I have a document that was prepared by Democracy Watch several years ago that was the result of some of their lobbying efforts on the federal government to make changes in the lobbying legislation. They refer to a Liberal Party campaign document called Creating Opportunity and mention the Liberal promises. They say, "Liberal candidates likened lobbying to the crime of influence peddling and promised to `end the backroom power' of lobbyists." That's what they intended to do when they enacted the changes they did.

What Democracy Watch calls for is the enactment of more stringent restrictions on the activities of lobbyists, as many US jurisdictions have. They talk about the consultations the federal government had been conducting and mention an interesting example. It says that most of those consultations "involved industry representatives and major corporations but few, if any, citizen groups or individual citizens." Perhaps there is a flaw in the process that led to this lobbying legislation.

It goes on to say: "There are approximately 27 million people in Canada, spread across the country. Most Canadians, despite the recent hue and cry about a so-called `proliferation of special interest groups,' do not have their own lobbyist advocating for them on every issue the federal government addresses."

I think that really is one of the keys. The key element we need to look at here is the fact that the people involved in the drafting of the lobbyist legislation or involved in any public hearings, if they do take place, will be the people who are going to be directly affected by it as an industry. It's not going to be the average residential consumer or ratepayer or small farmer who has a voice in this process. It's got to be somebody who is going to look out for their interests.

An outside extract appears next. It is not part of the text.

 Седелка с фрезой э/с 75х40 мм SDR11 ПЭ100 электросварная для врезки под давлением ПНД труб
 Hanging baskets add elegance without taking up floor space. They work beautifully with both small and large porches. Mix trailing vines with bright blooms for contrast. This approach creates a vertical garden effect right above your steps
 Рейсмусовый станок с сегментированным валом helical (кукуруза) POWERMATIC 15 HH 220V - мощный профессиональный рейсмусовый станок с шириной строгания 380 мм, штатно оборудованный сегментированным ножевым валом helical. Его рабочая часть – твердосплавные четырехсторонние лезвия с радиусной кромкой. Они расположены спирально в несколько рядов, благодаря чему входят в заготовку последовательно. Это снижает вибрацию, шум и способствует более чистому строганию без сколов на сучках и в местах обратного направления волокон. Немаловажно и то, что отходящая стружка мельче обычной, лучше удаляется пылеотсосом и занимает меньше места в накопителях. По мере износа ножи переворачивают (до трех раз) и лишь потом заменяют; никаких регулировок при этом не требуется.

One of the recommendations that came about from Democracy Watch is interesting. It says: "In order to bring effect to Prime Minister Chrétien's promise of a `government that listens to the people,' the Liberal government must determine how to consult with all interested parties, especially members of the public without their own lobbyist in Ottawa, and then must use these consultation methods in every government decision-making process."

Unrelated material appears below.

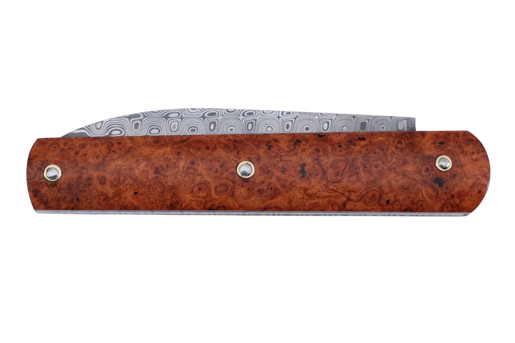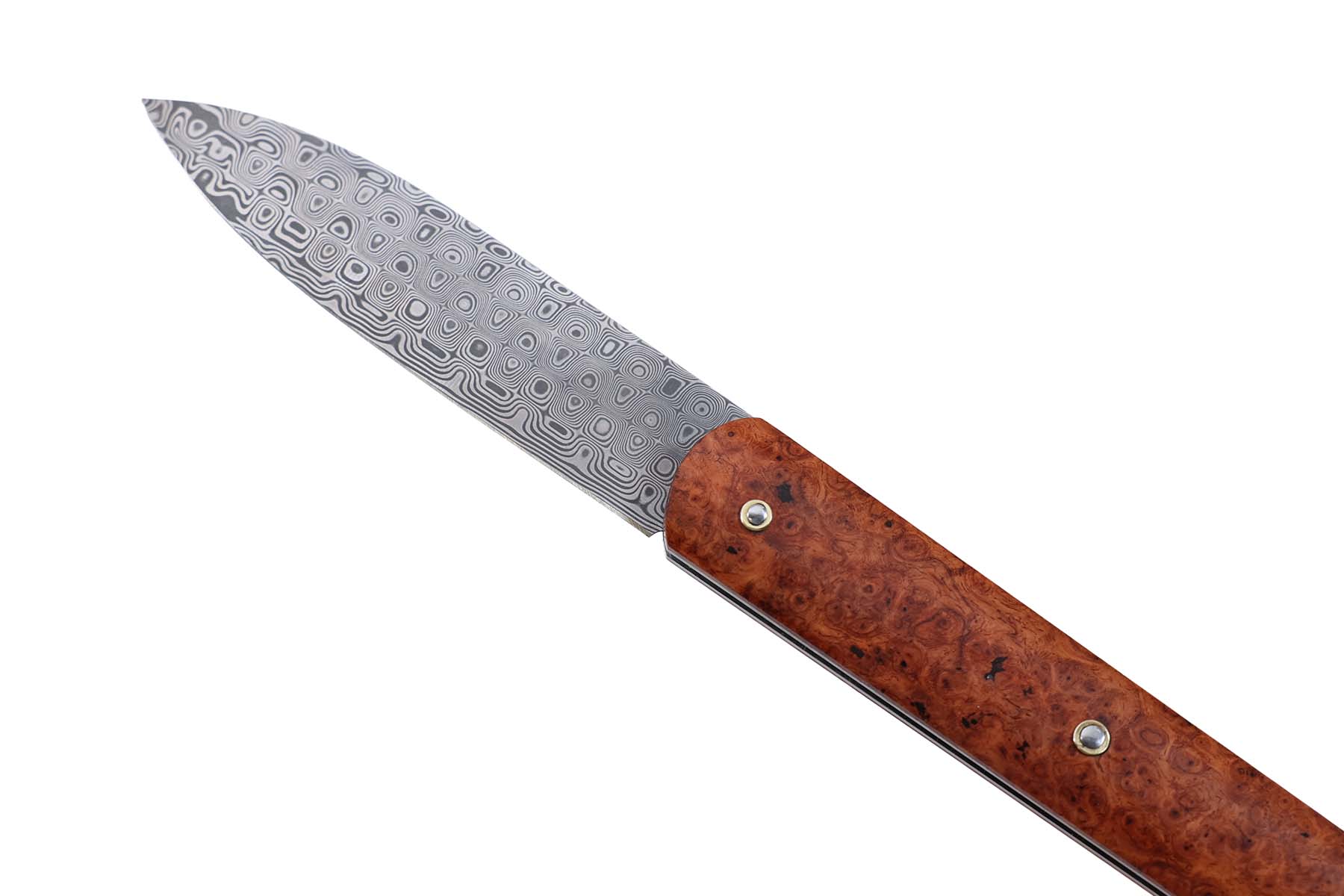 Couteau modèle le Parisii manche loupe amboine, lame damas

That was what Democracy Watch was calling for from the federal Liberal government when they were contemplating changes to their legislation several years ago. Although they did make some of those changes, I have to ask myself whether people consider those changes to have gone far enough.

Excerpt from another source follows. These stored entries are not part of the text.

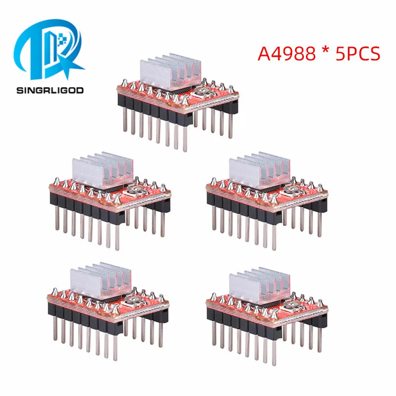 Модуль драйвера шагового двигателя A4988 с радиатором и радиатором, запчасти для 3D-принтера SKR V1.3 1,4 GTR V1.0 MKS GEN V1.4, 5 шт.
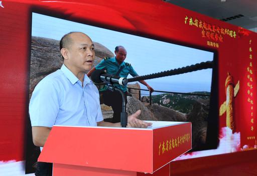 謝堅在廣東省慶祝改革開放40周年宣講報告會珠海專場上發(fā)言,他身后的大屏幕播放的是他30年來堅守海島的感人瞬間
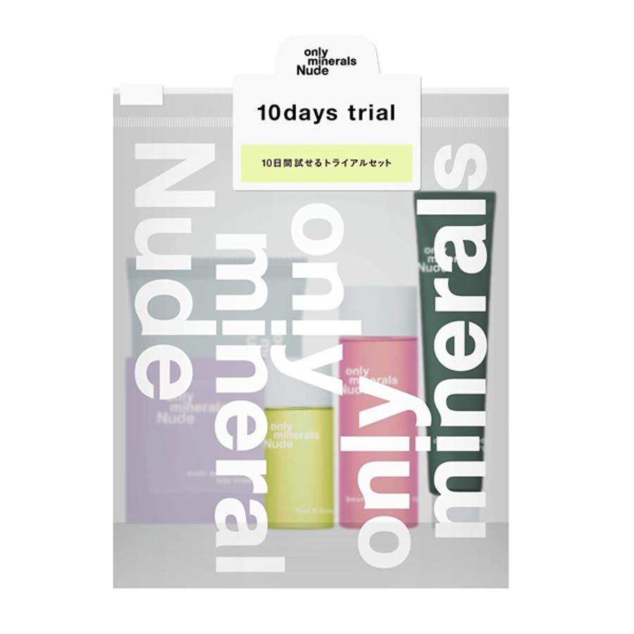 ≪10日間試せる敏感肌のためのスキンケアトライアルセット≫オンリーミネラル Nudeは、敏感肌の声を15年以上聞き続けてきたオンリーミネラルが「敏感肌でもスキンケアを楽しみながら美肌になれる」をコンセプトに掲げて開発したスキンケアラインです。1.Nude ポアクレイソープぬらした手で転がすだけですぐに泡立ち、もっちり弾力泡が作れる洗顔ソープ。多彩なミネラルを含むクレイ(ベントナイト)を配合し、毛穴汚れや古い角質を吸着。汚れをすっきり落としながらも洗い上がりはカサつきにくい枠練り製法です。ミネラルメイクなら石けん洗顔で気持ちよく落とすことができます。2.Nude ファーストCブースト洗顔後の肌をうるおいでほぐし、次に使うお手入れのなじみをよくするブースターセラム。とろみのあるテクスチャーがぐんぐんなじみ、土台を整えます。共通成分である3種の植物エキスのほか、ソメイヨシノ葉 エキス*、シソ葉エキス*、ドクダミエキス*を配合。 揺らぎがちな肌もしっとり、穏やかに。*整肌成分3.Nude バウンシーエッセンスローション乾燥してゆらぎやすい肌に穏やかに水分を補給し、環境のいい湿潤状態を作ることを目指した化粧水。水分をたっぷり抱え込むシロキクラゲ多糖体*とスイゼンジノリ多糖体*を配合。さらにアミノ酸*も配合し、与えた水分をキープします。適度なとろみと浸透感で、満足感のあるテクスチャーにこだわりました。*保湿成分4.Nude クロノナイトチャージジェル肌が日中受けた乾燥などのダメージをケアするジェルクリーム。夜の肌のために厳選した植物エキス、レチノール※1や3種のセラミド※2などを抱え込んだテクスチャーが肌にぴたっと密着し、翌朝までじっくり包み込みます。厚めにたっぷり重ねればナイトマスクとしても。※1整肌成分 ※2保湿成分5.Nude マルチディフェンスデイクリームたっぷりのうるおいで肌を包み、日中の乾燥を防止。日常紫外線防止効果と淡いピンクで明るさを演出する効果も備え、朝のスキンケアの仕上げにふさわしいクリームです。もっちり感がありながらベタつきにくいテクスチャーで、メイク下地としても。※SPF11/PA+【セット内容】・Nude ポアクレイソープ 10g (約10日間分)・Nude ファーストCブースト 10mL (約10日間分)・Nude バウンシーエッセンスローション 20mL (約10日間分)・Nude クロノナイトチャージジェル 10g (約10日間分)・Nude マルチディフェンスデイクリーム 2回分

I think a good illustration of how effective that legislation has been is the fact that since it was enacted, there hasn't been one single example of a violation of it. That means one of two things: that it's had an incredible influence in making sure that people don't violate the act, or that the act really doesn't have any teeth, that there isn't any ability to find out who might be violating the lobbyist legislation and making sure they get charged with an offence.

Somehow, I tend to think that the process of governing in Ottawa hasn't been so squeaky clean in the last 10 to 15 years that there hasn't been a single, even perceived, violation of this lobbyist legislation, which even this government is touting as an example that should be followed and has been followed in the drafting of this legislation.

We need to ask ourselves, if this legislation had been brought forward exactly as it is today right after the election in June 1995, would it have made one single bit of difference with respect to the way this government has managed its agenda in the three years since they've been elected? If this had been in existence three years ago, would it have changed at all any of the questionable activities that we've been raising questions about here in this Legislature day after day after day? Would it have stopped the consultants involved in the Niagara casino bid from advising both the government and the successful bidder at the same time?

We raised those questions on numerous occasions. My colleague the member for Welland-Thorold, and also our leader, Howard Hampton, the member for Rainy River, have mentioned the perceived improprieties with respect to the granting to the Falls Management group the project in Casino Niagara. On May 28, my colleague Peter Kormos was asking about Leslie Noble, who was one of the chief architects of the Common Sense Revolution, and her involvement as one the chief players in the Tory-led consortium that lobbied the government after it was elected, to persuade it to change its position on privately run casinos here in the province of Ontario. Would this legislation have made any change in the way that activity took place?

We also raised questions about Bill Noble, who worked for Bill Flaherty and now works for the Gaming Venture Group that was awarded a permanent charity casino. We asked a question about the fact that the Latner family donated $48,000 or more to the Progressive Conservative Party in Ontario and the benefits they enjoyed after having made that contribution. Some say that may be a coincidence. I suppose it could be, and I guess it's up the public to try to decide whether that's the case or not.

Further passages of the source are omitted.